### [Requirement]
Your response to the data below should hold nothing except the lines from the one containing "Durable and stylish" down to the one containing "A máscara é", reproduced exactly and without pictures.

### [Data for the task]
::::

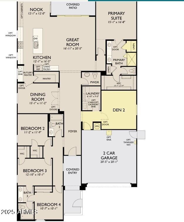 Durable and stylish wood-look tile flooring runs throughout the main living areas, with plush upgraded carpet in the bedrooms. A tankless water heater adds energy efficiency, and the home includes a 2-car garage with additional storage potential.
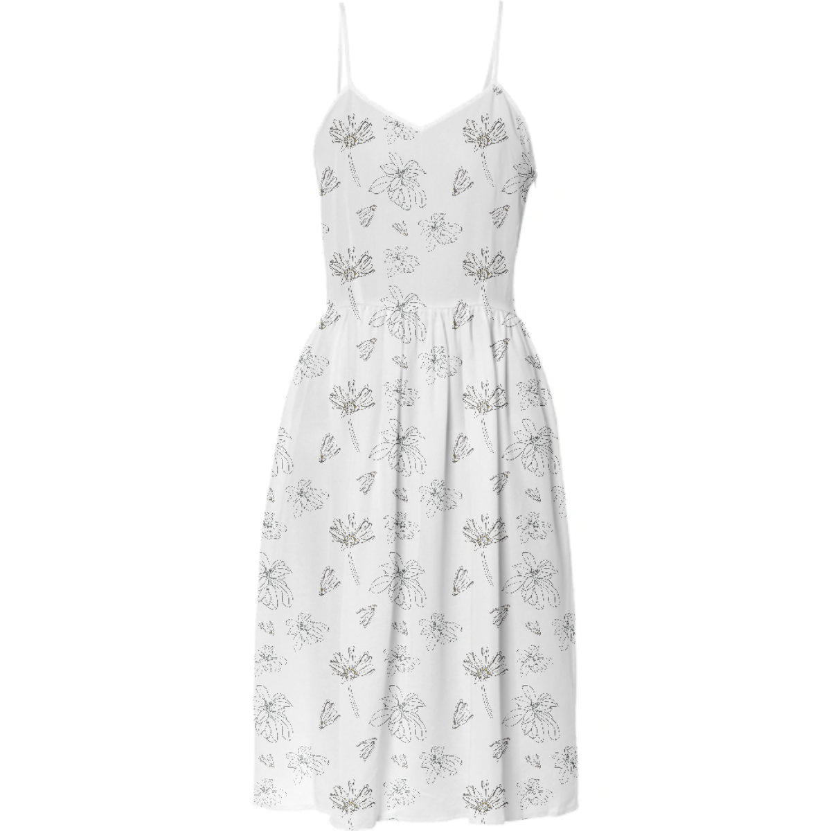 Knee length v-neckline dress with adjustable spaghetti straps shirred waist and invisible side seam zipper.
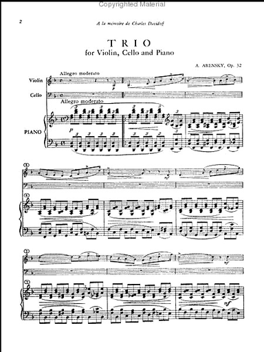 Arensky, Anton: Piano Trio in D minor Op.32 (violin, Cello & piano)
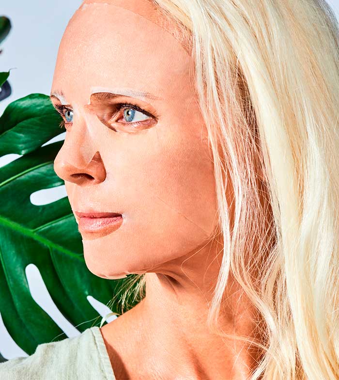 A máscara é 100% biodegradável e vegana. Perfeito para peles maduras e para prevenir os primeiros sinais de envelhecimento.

::::

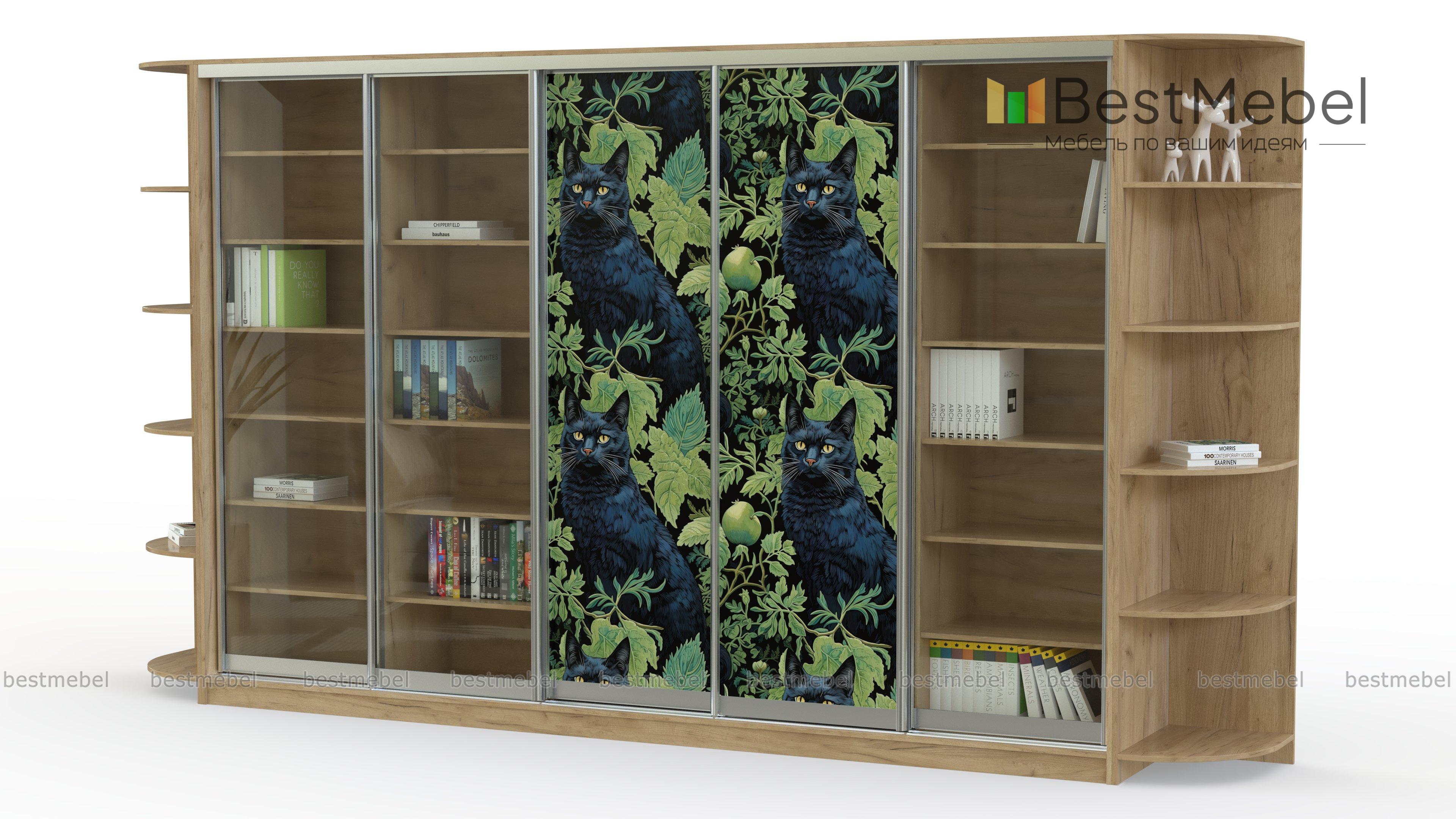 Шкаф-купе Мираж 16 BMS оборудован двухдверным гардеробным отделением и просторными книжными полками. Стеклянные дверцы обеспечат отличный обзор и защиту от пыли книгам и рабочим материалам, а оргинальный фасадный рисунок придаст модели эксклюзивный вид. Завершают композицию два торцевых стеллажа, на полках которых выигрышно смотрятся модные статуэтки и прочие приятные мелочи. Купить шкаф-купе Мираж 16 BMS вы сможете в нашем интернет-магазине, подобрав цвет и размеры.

::::

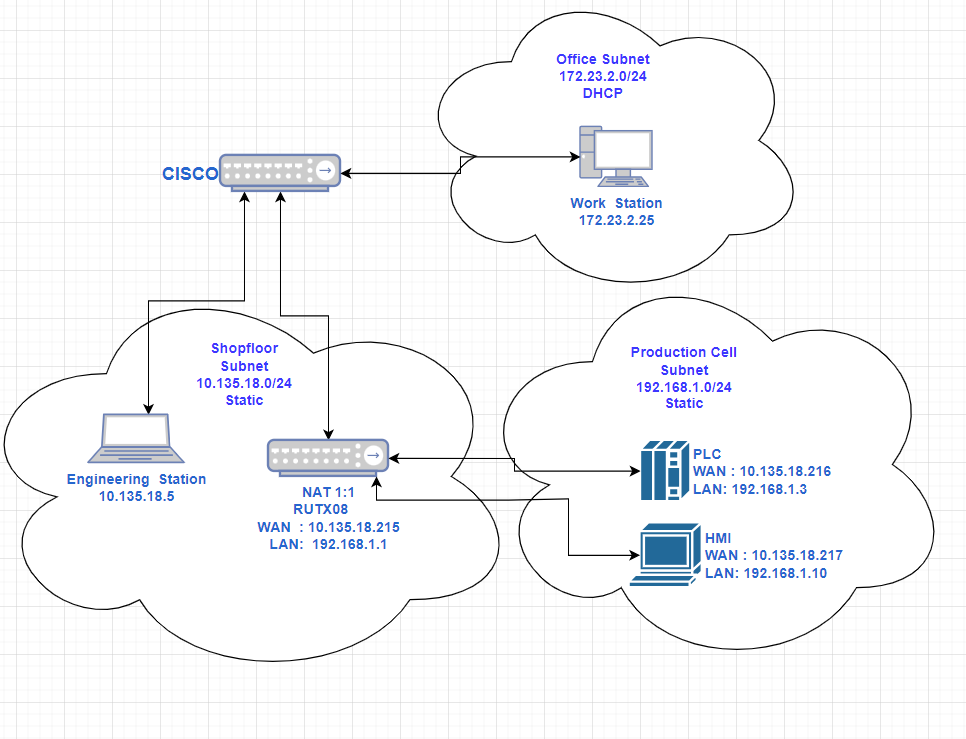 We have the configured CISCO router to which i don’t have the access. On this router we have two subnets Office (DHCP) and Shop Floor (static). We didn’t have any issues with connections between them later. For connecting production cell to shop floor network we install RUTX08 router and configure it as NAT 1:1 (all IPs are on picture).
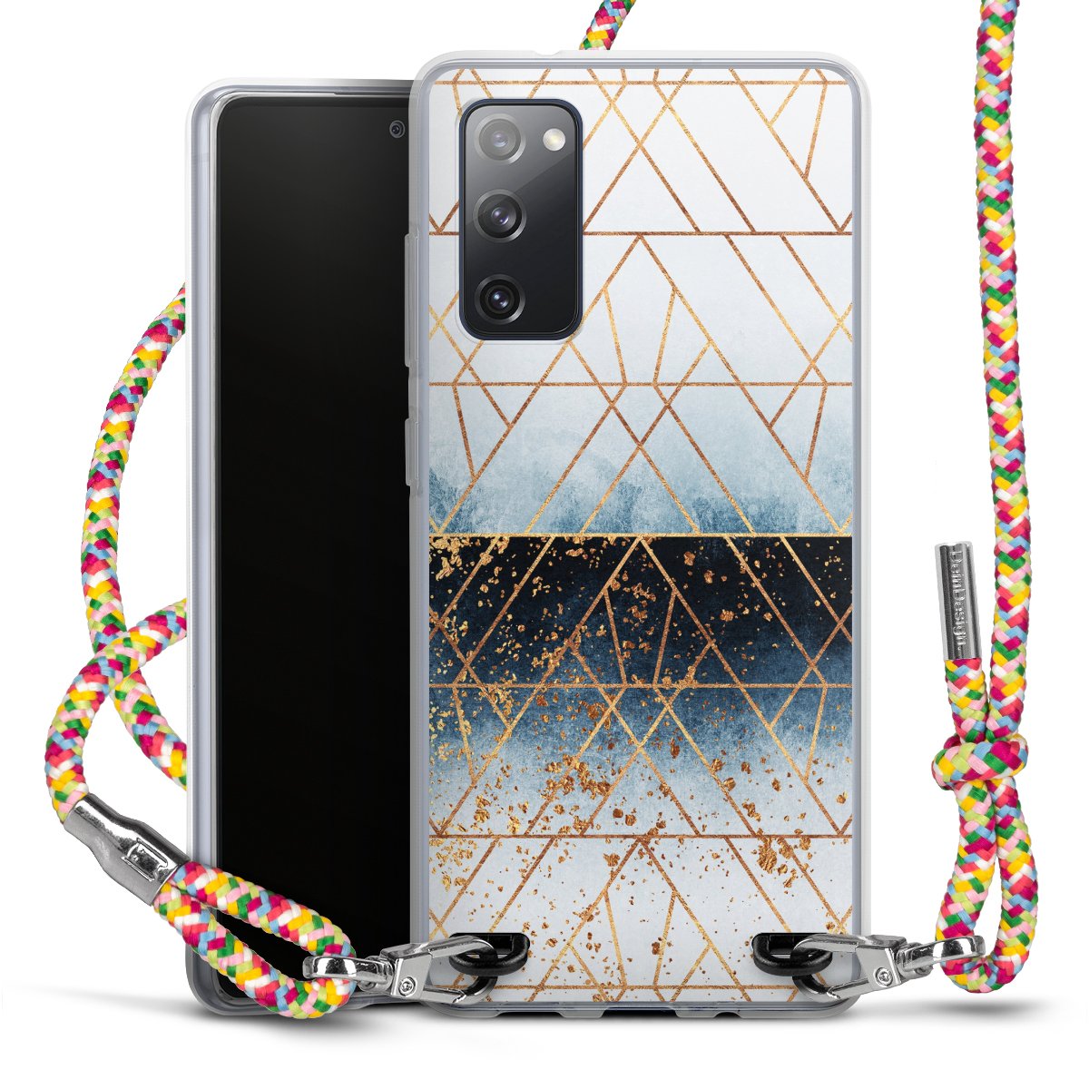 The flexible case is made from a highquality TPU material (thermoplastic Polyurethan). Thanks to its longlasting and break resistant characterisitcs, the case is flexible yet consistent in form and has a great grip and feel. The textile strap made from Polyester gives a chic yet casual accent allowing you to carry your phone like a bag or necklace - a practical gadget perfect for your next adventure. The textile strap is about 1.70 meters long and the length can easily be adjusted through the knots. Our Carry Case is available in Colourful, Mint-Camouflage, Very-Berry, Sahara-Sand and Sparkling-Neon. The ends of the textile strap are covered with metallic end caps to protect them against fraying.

::::

### [Expected answer]
 Durable and stylish wood-look tile flooring runs throughout the main living areas, with plush upgraded carpet in the bedrooms. A tankless water heater adds energy efficiency, and the home includes a 2-car garage with additional storage potential.
 Knee length v-neckline dress with adjustable spaghetti straps shirred waist and invisible side seam zipper.
 Arensky, Anton: Piano Trio in D minor Op.32 (violin, Cello & piano)
 A máscara é 100% biodegradável e vegana. Perfeito para peles maduras e para prevenir os primeiros sinais de envelhecimento.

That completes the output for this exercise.